На мысли об огороде Мариша, как правило, и засыпала. Ей ни разу не удавалось додумать лесной дом до конца, и, может быть, поэтому мечта о нем все не осуществлялась. Но если девочка и не успевала заснуть, все равно мечты обрывались. Приходил дядя Володя. По воскресеньям его визиты носили оттенок торжественности. Отправив Маришу в постель, мама наряжалась в зеленое бархатное платье, натягивала поросячьего цвета чулки, увешивала шею тяжелыми малахитовыми бусами и даже душилась из маленького флакончика. Духи назывались «Торжество» и пахли пряно, так что сразу хотелось чихать. Она накрывала стол белой скатертью и ставила на середину вазу с яблоками, тарелку с печеньем. Печенье было магазинное – готовить мама не любила и не умела.

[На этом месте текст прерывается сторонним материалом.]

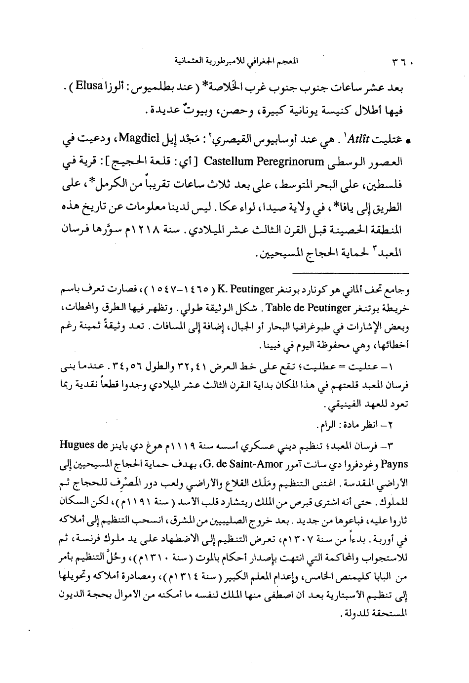 (1) عتليت عطليت تقع على خط العرض 41، 32والطول 56، 34. عند ما بنى فرسان المعبد قلعتهم في هذا المكان بداية القرن الثالث عشر الميلادي وجدوا قطعا نقدية ربما تعود للعهد الفينيقي.
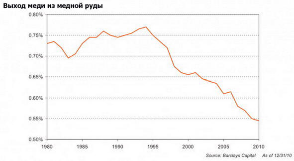– A fémekkel ugyanaz a helyzet, mint az olajjal: minden az alacsonyan lógó gyümölcsöket már betakarították. Annak ellenére, hogy új technológia, a tonnánkénti fémérc termelése továbbra is csökken. Itt van például a rézérc tonnamennyisége:
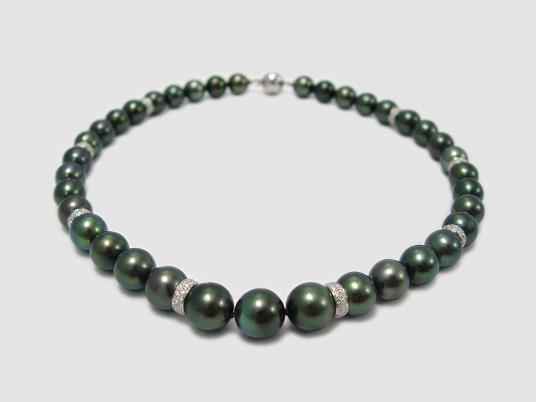 · Item Number: BM70213 · 11~13mm Tahitian Pearl Strand · 2.36tw Diamond Rondells · 37 Pearls · 18KWG |

Дядя Володя приходил без звонка. Почему он никогда не звонил? Может, не хотел будить Маришку или тревожить соседей? Он тихонько стучал в дверь, но дверь была утеплена, обита дерматином, и вместо стука получалось какое-то шурыканье. Мама, однако, его прекрасно слышала и, спешно докрасив губы, бежала открывать.
Дядя Володя был очень большой, в дверной проем проходил, согнувшись. Шинель, когда он ее снимал, застилала белый свет. Сильный и свежий запах одеколона заглушал «Торжество». От его шагов тряслись и надрывно скрипели облезлые половицы, а шепот раздавался во всех углах. Однажды под ним подвернулись ножки кресла, и с тех пор он сидел только на табурете, который самолично сколотил. Этот табурет присутствовал в кухне и внушительной статью напоминал своего творца. Дядя Володя всегда приносил бутылку вина или маленькую, ртутно переливающуюся бутылочку водки, а еще всякие вкусные вещи – арахис в шоколадной глазури, пастилу, твердую и соленую колбасу в шкурке с беловатым налетом. Но лучше всего было то, что мама ему пела. Выпив вина из широкой синей рюмки, которых всего-то две и осталось, она брала гитару. Гитара, покрытая темным лаком, украшенная красным бантом, стонала и плакала в ее руках, а мать заводила песни каких не услышишь по радио:
– Матушка, матушка, что во поле пыльно,
Сударыня матушка, что во поле пыльно [4] …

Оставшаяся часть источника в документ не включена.